Nowhere is this clearer than in Trump’s threats to blow up the whole country, including its bridges and power plants. At the same time, he touted a military “big day,” presenting potential war crimes as diplomatic tool, aggression as diplomacy, and destruction as leverage.

Trump’s inflated, almost delusional, promises ahead of potential talks come across less as statesmanship and more as a calculated sales pitch to the American public. His vows “to end up with a great deal,” coupled with an almost obsessive focus on Barack Obama by insisting his agreement will be “far better” than the one negotiated over a decade ago. An approach that reflects a tendency toward messaging driven less by policy depth and more by projection, comparison, and to frame outcomes in terms of self-aggrandizement and personal glory.

Instead of articulating clear strategic objectives, his policy relies on distinguishing himself and image cultivation to project authority and superiority, leaving the underlying substance vague and open to question.

By manufacturing optimism and exaggerating progress while promising an imminent “great deal,” Trump appears to be negotiating with himself—or detached from reality—seeking to construct a narrative of success regardless of the facts on the ground. The performative optimism stands in sharp contrast to his simultaneous threats and pompous rhetoric, suggesting not confidence but a measure of desperation.
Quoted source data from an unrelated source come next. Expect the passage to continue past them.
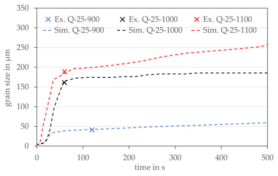 As can be seen in Figure 10, there is always a unique point at which the slopes of the grain size—time curves change. This point can be correlated with the time where the randomly distributed and fast growing nuclei touch each other. In the following, the first section will be called recrystallization (RX) section and the second one grain growth (GG) section. Within the RX section, mainly the randomly distributed nuclei grow very rapidly after a short incubation time due to the here dominating SEE driving force. As soon as the nuclei with their low SEE touch each other and all grains have more or less the same SEE this driving force vanishes. From this point, the always present driving force to minimize the grain boundary energy through minimizing the grain boundary curvature becomes the dominant driving force, which is directly correlated with grain growth. It is recognizable that the grain size results of all three annealing experiments could be reproduced perfectly. However, the nuclei density was determined empirically to match the experimental data point. In the future, it would be desirable to experimentally confirm entire curves, rather than individual points as shown in Figure 10, so that with greater confidence in the actual position of the changes in slope of the grain size-time relationship, the best annealing time can be identified with respect to the application dependent grain size. Current developments in the use of in-situ, and therefore much more continuous, characterization of grain size and texture over time [44] suggest that this should indeed be possible in the near future.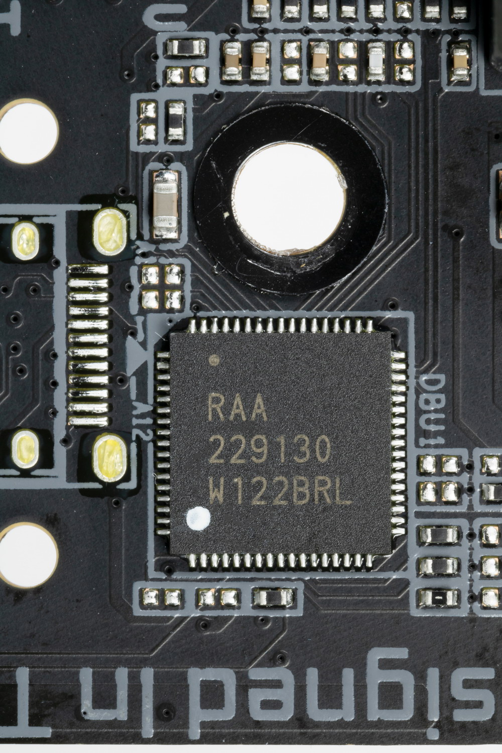 Каждый канал фазы для VCore и iGPU имеет суперферритовый дроссель и RAA22010540 MOSFET от Renesas на 105 А.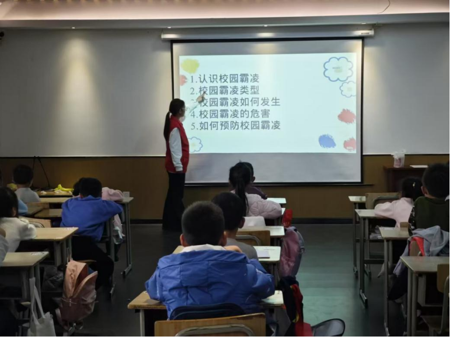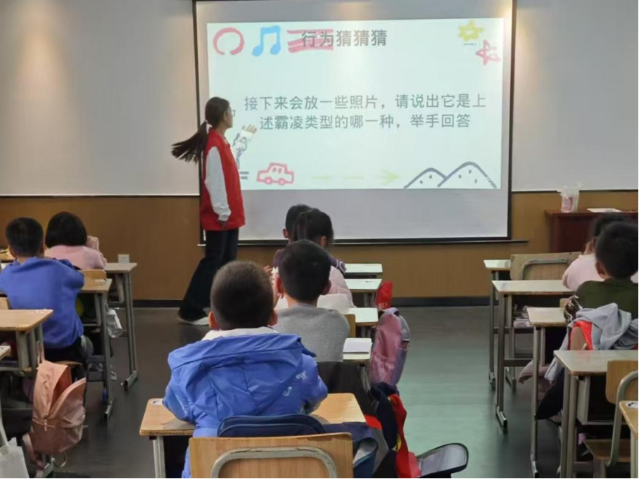 志愿者们还通过“行为猜猜猜”环节,让孩子们了解肢体霸凌、语言霸凌、社交霸凌和网络霸凌等不同类型,为他们建立起一道防范霸凌的安全屏障。这些知识让孩子们能够在遭遇霸凌时,勇敢地说“不”,共同维护一个和谐美好的校园环境。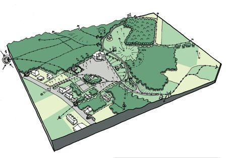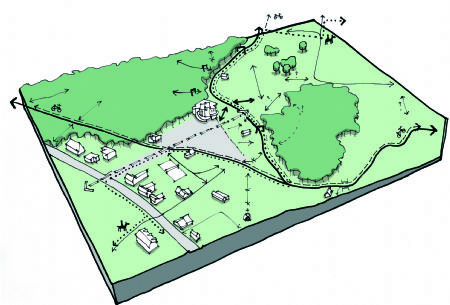 Er werd gewerkt met zichtassen en ontmoetingsplaatsen, waarbij de belangrijkste elementen een overdekte ontmoetingsplaats (de voormalige boskanterswoning die enkel als een ‘schil’ behouden werd), een amfitheater (in de kom gevormd door de restanten van het oude zwembad) en een speelheuvel met asvormige glijbanen waren, naast enkele zitelementen die over het gebied ‘gestrooid’ werden.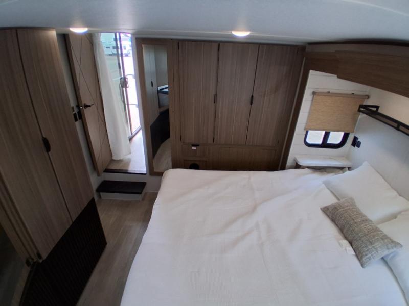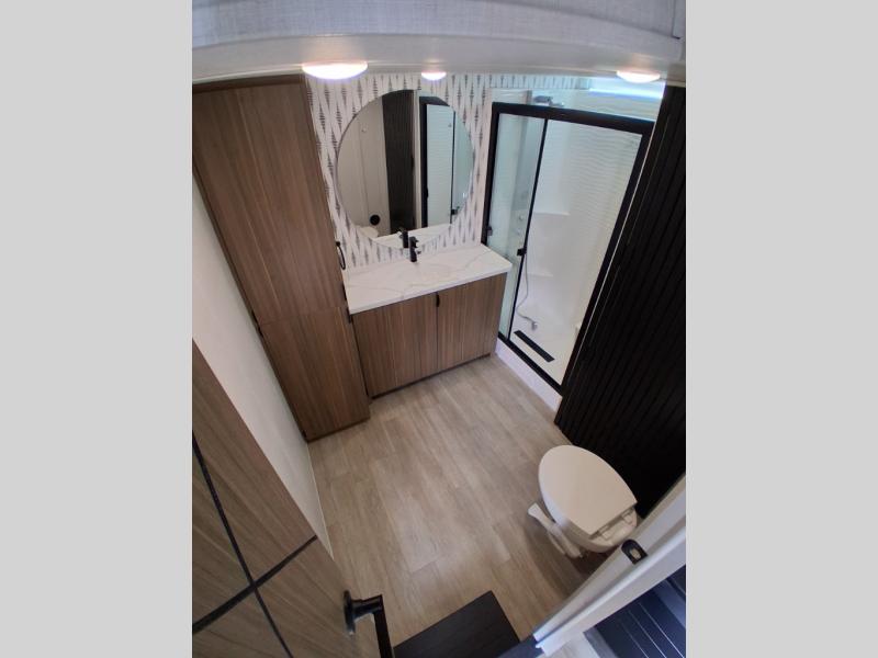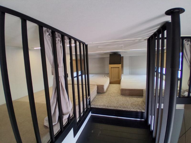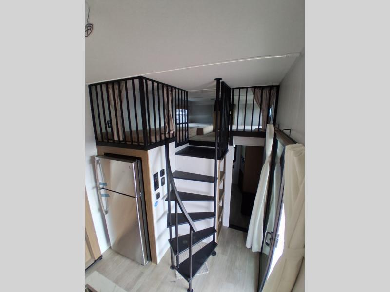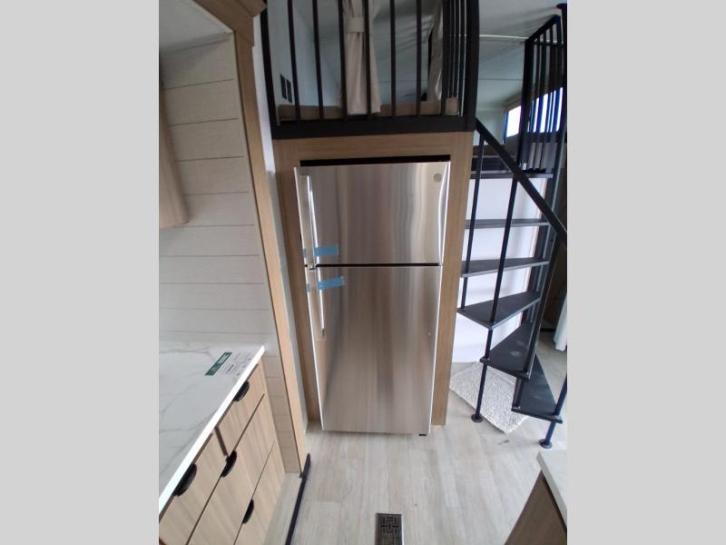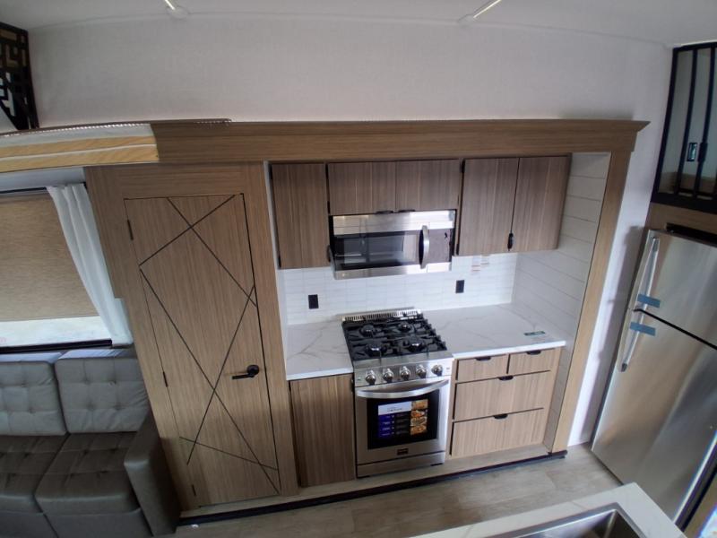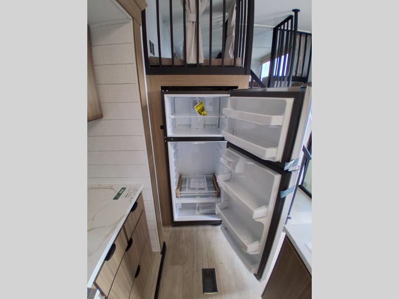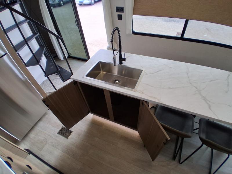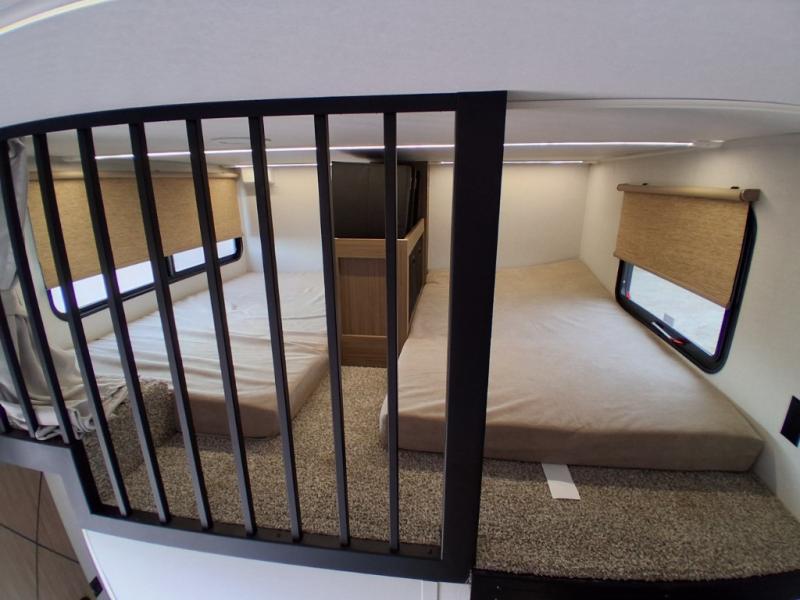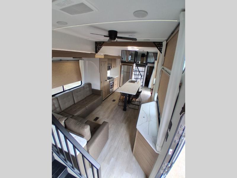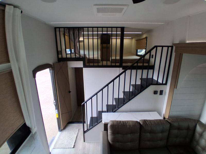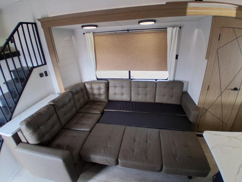 This trailer is built with comfort and convenience in mind, offering plenty of sleeping space for the whole gang. It has two spacious lofts, each equipped with two 42" x 72" bunk mats, plus an extra 36" x 38" bunk mat, providing cozy sleeping spots for everyone. Each loft also includes built-in storage for essentials, and instead of climbing a ladder, easy stair access makes getting in and out much safer. On the main floor, you’ll find a full rear bathroom with a walk-in shower and washer/dryer prep. The main living area has a large sectional sofa, perfect for gathering the group to watch the TV on the Televator or relaxing by the fireplace after a day outdoors. The kitchen is equipped with all the essentials, including a large pantry, overhead cabinets for snack storage, a fridge, and a kitchen island that adds prep space. Up front, the private bedroom has a king bed with Versa Tilt, a dresser, and shelves to keep your clothes and camp gear neatly organized. Regardless that you're adventuring about, this trailer is ready to make every trip feel like home.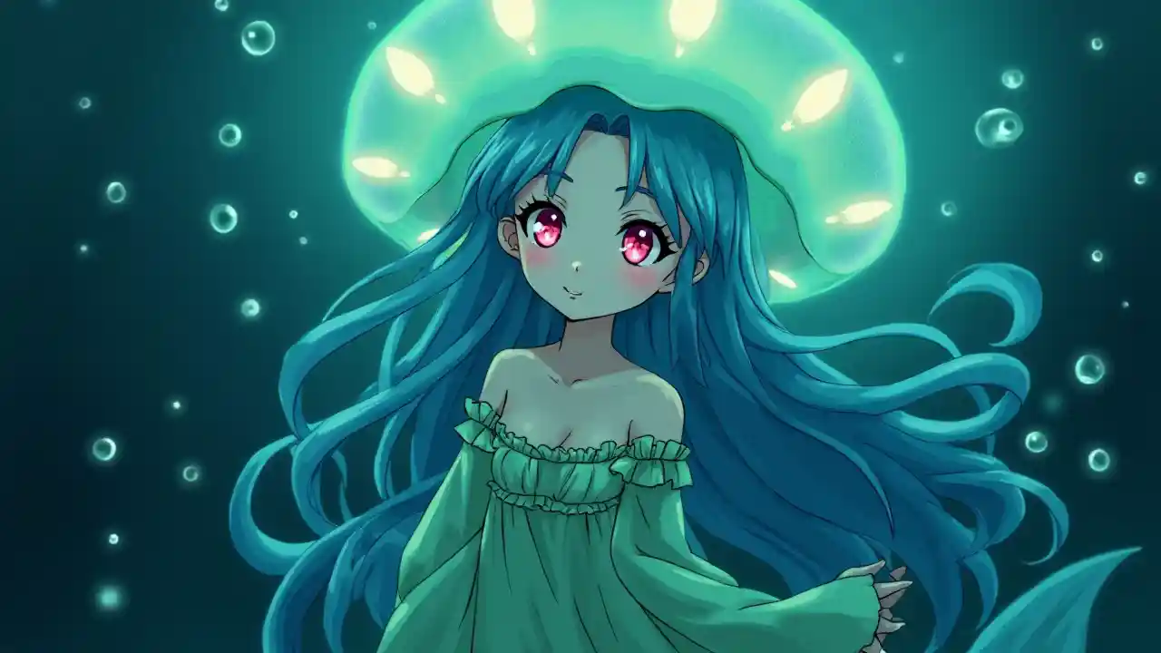 فتاة قنديل البحر الأثيرية مع قبعة مضيئة بيولوجيًا
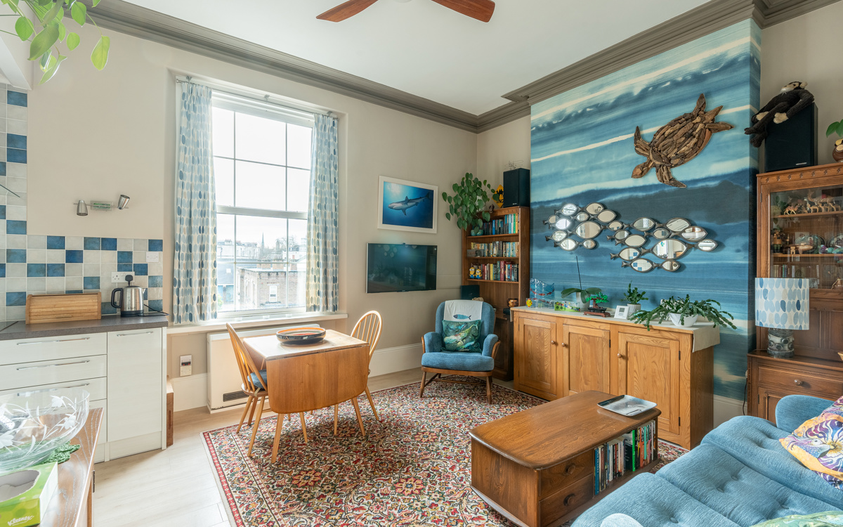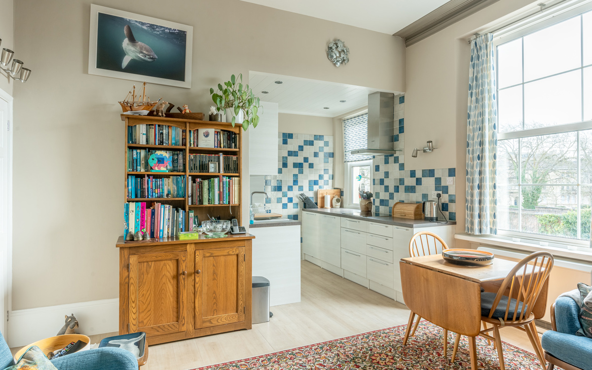 A spacious and well-proportioned 2 double bedroom first floor flat with 11ft high ceilings, south facing living area, first come first served off-street parking and positioned just yards from Whiteladies Road.

Trump’s rationale for extending the ceasefire because of “internal divisions”  within Iran is unconvincing. If internal debate within Iran is seen as warranting a pause, what should be said of a policy where direction shifts from one moment to the next? Differing political views are the essence of a normally functioning political system, whereas impulsive, erratic, personalized decision-making is not.

All of this unfolds as Trump continues issuing maximalist demands for conditions he helped create. For instance, he demands the surrender of enriched uranium that would not exist had he not abandoned the Joint Comprehensive Plan of Action (JCPOA). Likewise, the Strait of Hormuz was closed as a consequence of his and Netanyahu’s war, not as its cause.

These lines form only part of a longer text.